**Extracted data entries:**

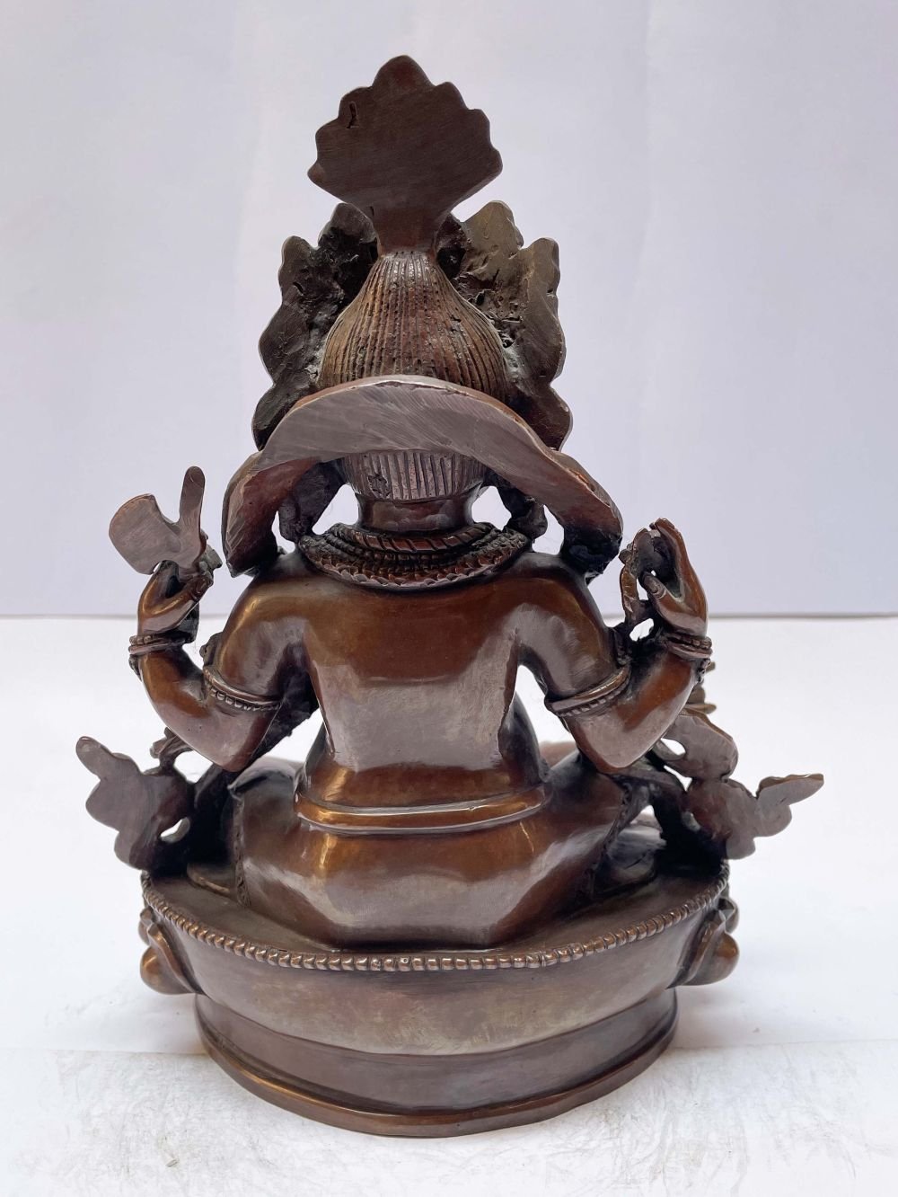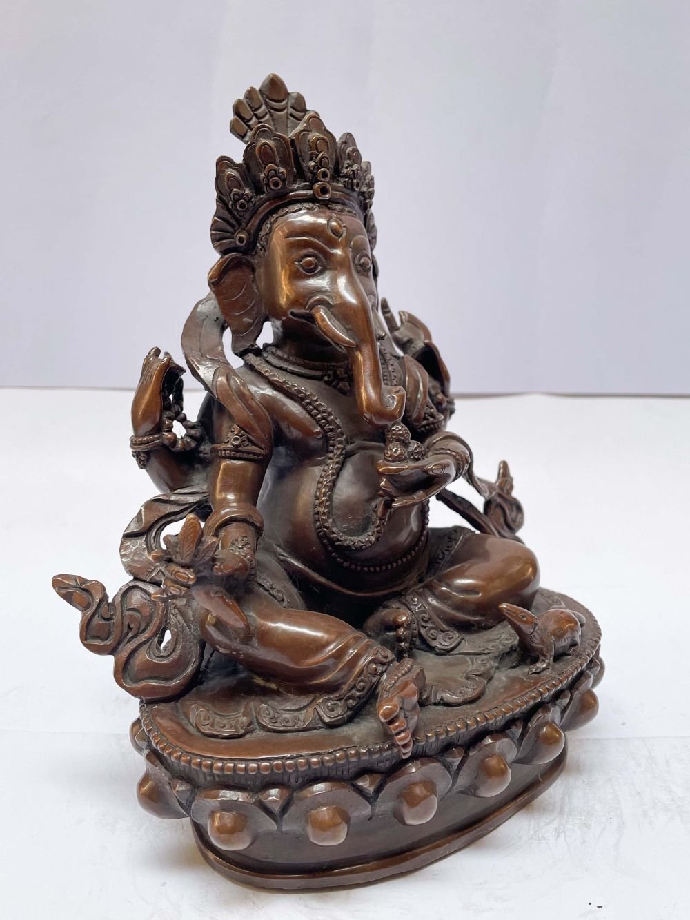 This Ganesh has been meticulously treated with a chocolate color antique patina. The intention behind this patina is to replicate the appearance of a copper statue that has gracefully aged over a century. Unlike a simple coat of paint, this patina is not applied superficially and is designed to endure. It undergoes an artificial oxidation process that adds depth and character, while also serving as a protective layer against natural oxidation.
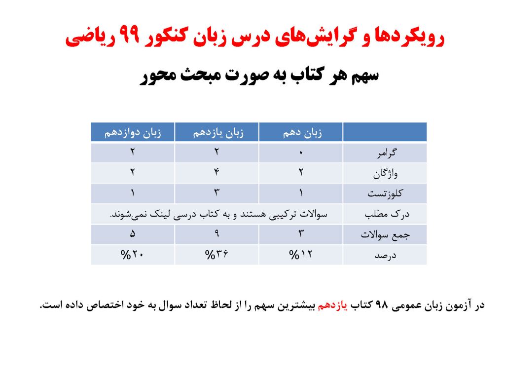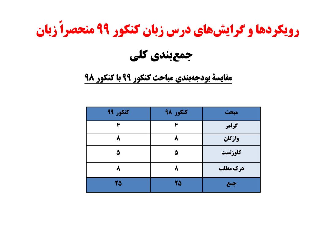 رویکرد کنکور منحصراً 99 در درس زبان عمومی (نظام جدید)
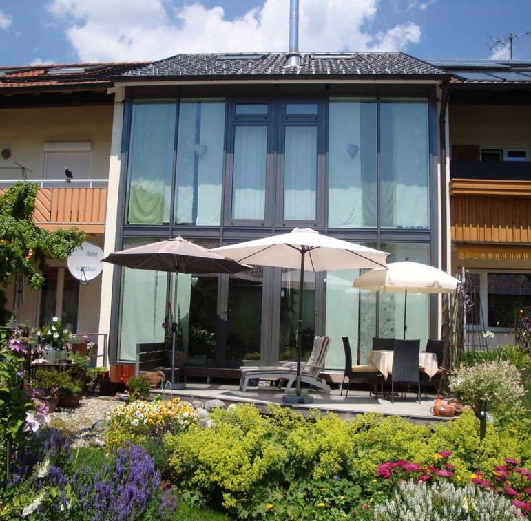 Ein echtes Highlight ist die raumhohe Pfosten-Riegel-Fassade auf der Südseite. Sie sorgt nicht nur für großzügige Lichtverhältnisse und solare Wärmegewinne, sondern ermöglichte auch die Erweiterung des Wohnraums durch die Integration der ehemals offenen Balkone - sowohl im Erdgeschoss als auch im Obergeschoss.
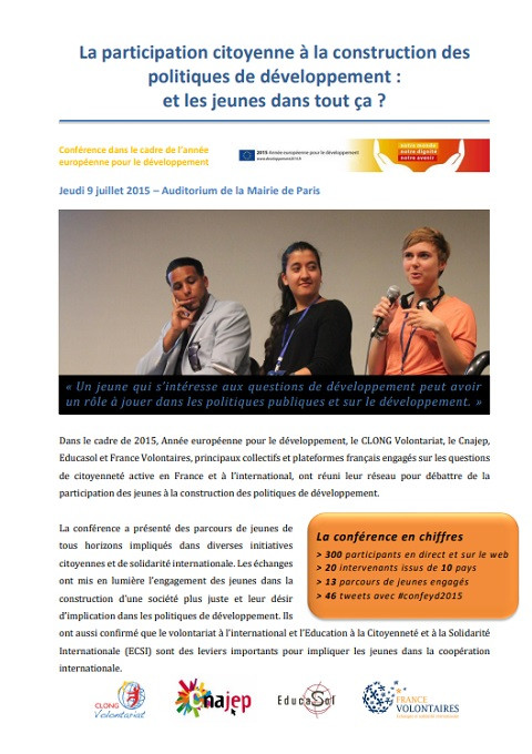 La participation citoyenne à la construction des politiques de développement: Et les jeunes dans tout ça ? Année de publication: 2015 Auteur institutionnel: Educasol Le Jeudi 9 juillet 2015, à Paris, le CLONG Volontariat, le Cnajep, Educasol et France Volontaires, principaux collectifs et plateformes français engagés sur les questions de citoyenneté active en France et à l’international, ont réuni leur réseau pour débattre de la participation des jeunes à la construction des politiques de développement. Ce document reprend les temps forts et messages clefs de la journée.
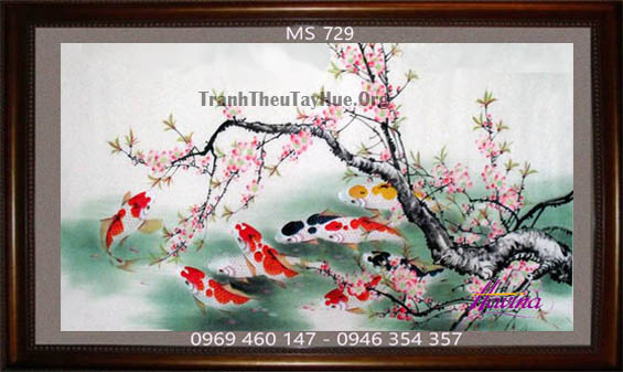 CHI TIẾT TÁC PHẨM TRANH THÊU CÁ CHÉP HOA SEN MS 729:
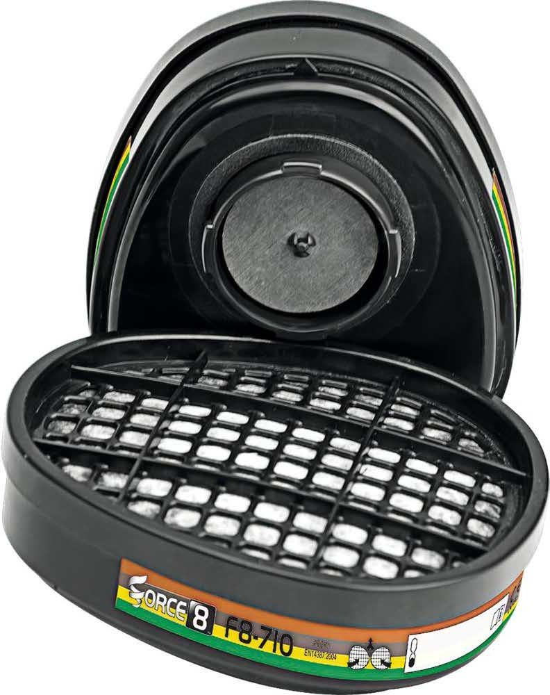 POCHŁANIACZ - MAS-FOR-FIL-ABEK Pochłaniacze wymienne do półmaski FORCE8™ i maski FORCE10™ - typ ABEK1. - przeznaczone do gazów, oparów związków organicznych, nieorganicznych i kwasowych oraz do amoniaku - dostępne w woreczku z zawieszką - małe opakowanie 2 szt. - spełniają wymagania normy EN14387 …
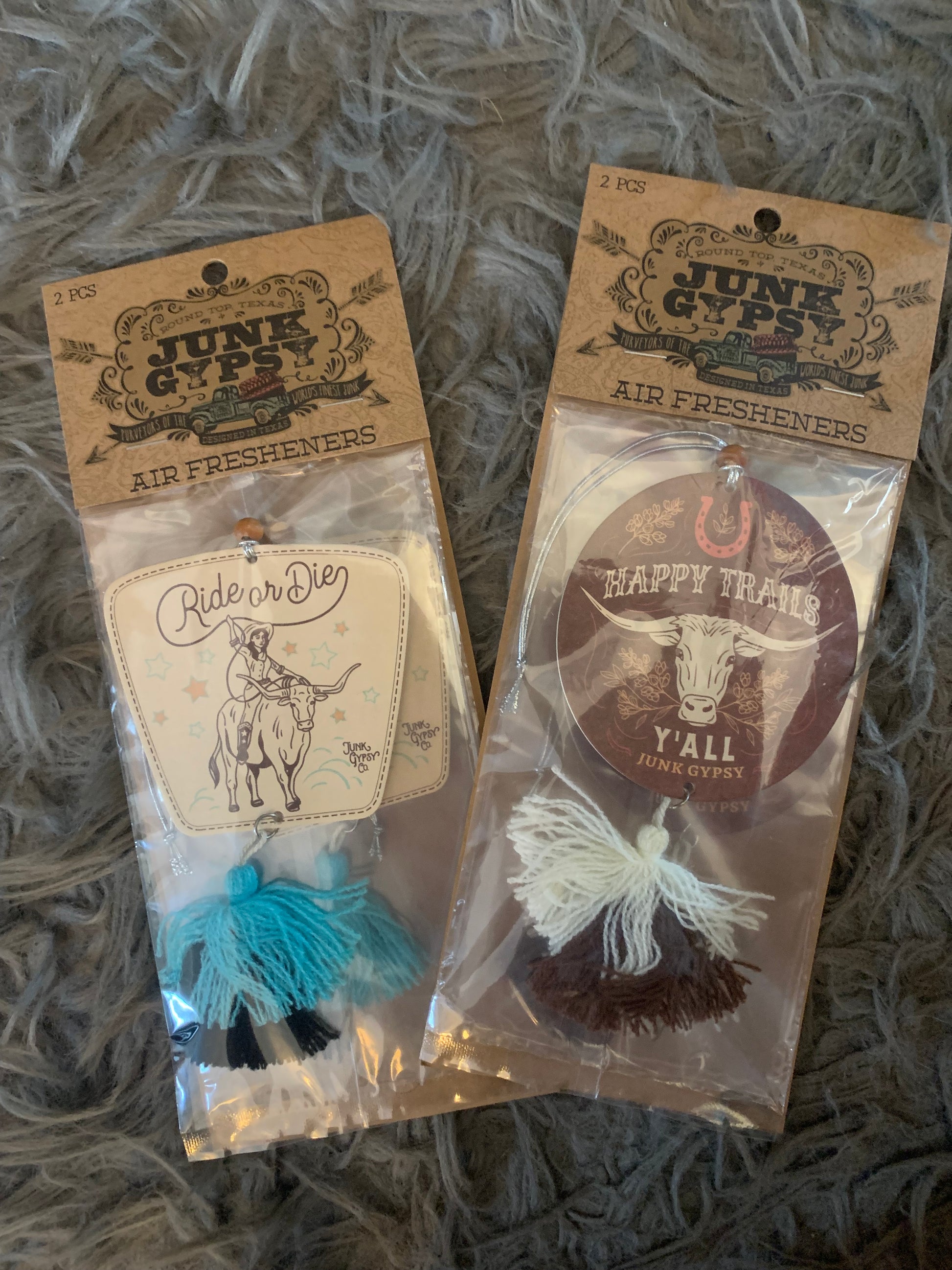 Put your boots up on the dash and enjoy the sweet scents of our JG car air freshies!
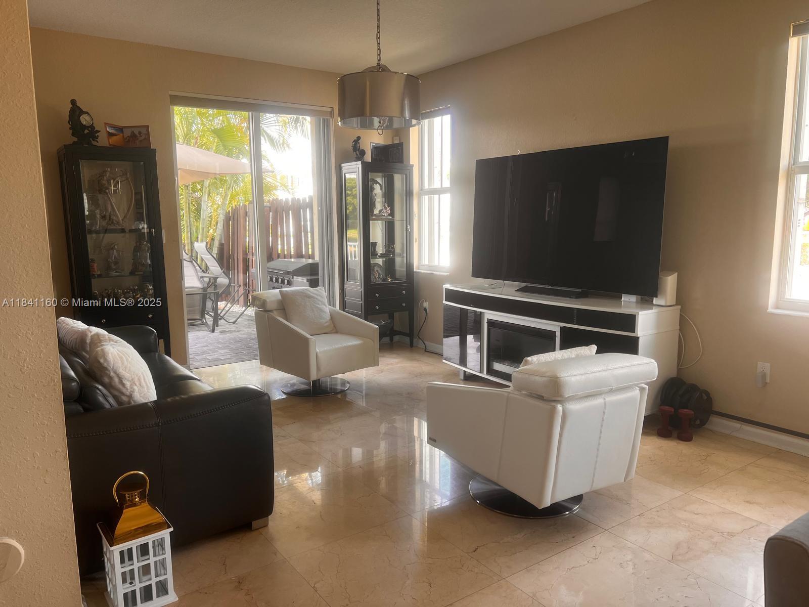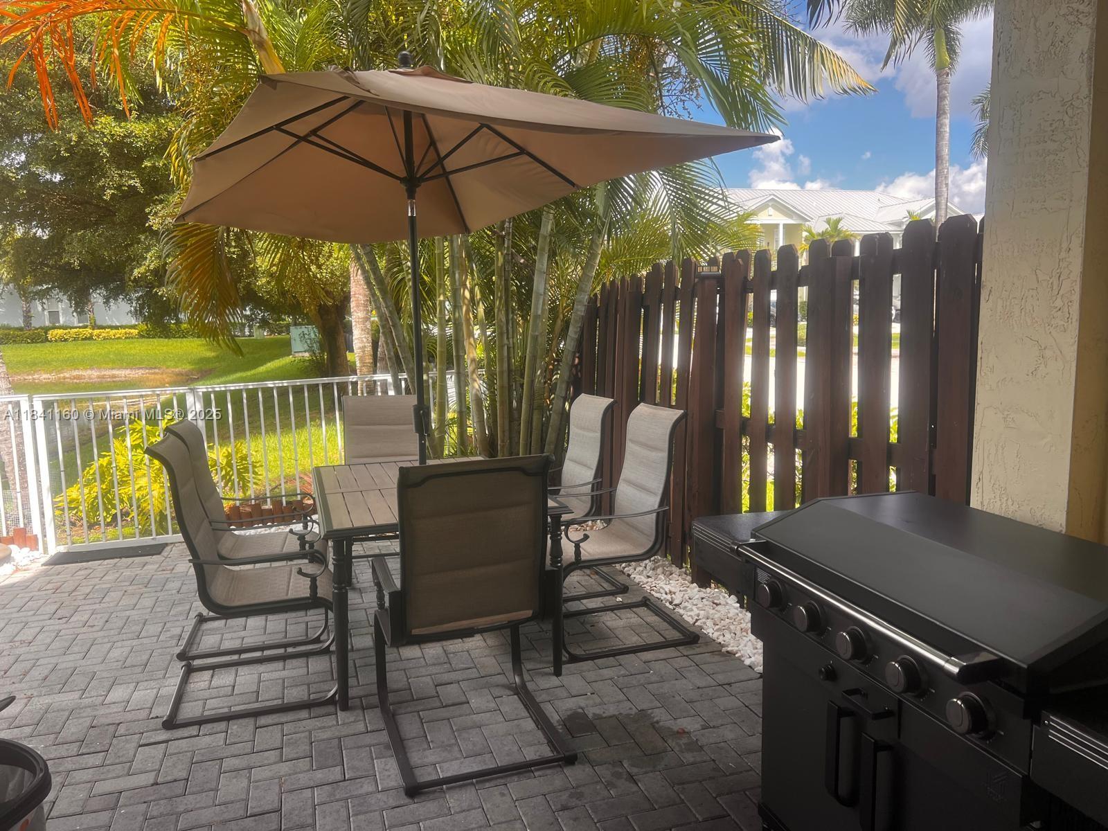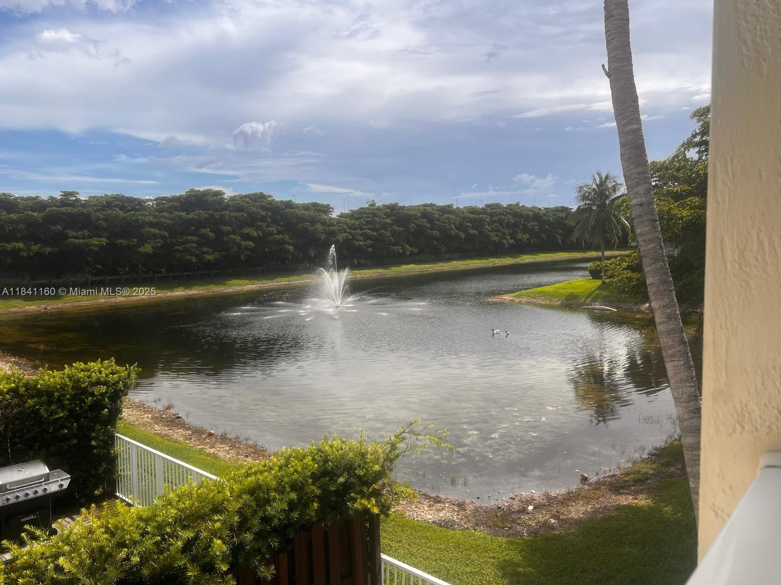 Beautiful and spacious corner townhouse with 4 bedrooms and 3.5 bathrooms, located in a secure gated communiety. Enjoy added privacy with only one direct neighbor. The first floor features elegant marble flooring, while the second level boasts warm wood floors. The master bedroom includes a private terrace with breathtaking view of the lake and the community playground. The backyard is perfect for relaxing or entertaining, featuring a peaceful illuminated fountain and stunning lake views. This unique home offers the perfect combination of comfort, style an serenity. Five cars can be parked on the property. Two inside, two outside, and one across.

**Task to carry out:** Go back to the entries above and restate word for word every line from the first through the one that contains "Ein echtes Highlight", leaving the pictures behind.

**Response to the task:**
 This Ganesh has been meticulously treated with a chocolate color antique patina. The intention behind this patina is to replicate the appearance of a copper statue that has gracefully aged over a century. Unlike a simple coat of paint, this patina is not applied superficially and is designed to endure. It undergoes an artificial oxidation process that adds depth and character, while also serving as a protective layer against natural oxidation.
 رویکرد کنکور منحصراً 99 در درس زبان عمومی (نظام جدید)
 Ein echtes Highlight ist die raumhohe Pfosten-Riegel-Fassade auf der Südseite. Sie sorgt nicht nur für großzügige Lichtverhältnisse und solare Wärmegewinne, sondern ermöglichte auch die Erweiterung des Wohnraums durch die Integration der ehemals offenen Balkone - sowohl im Erdgeschoss als auch im Obergeschoss.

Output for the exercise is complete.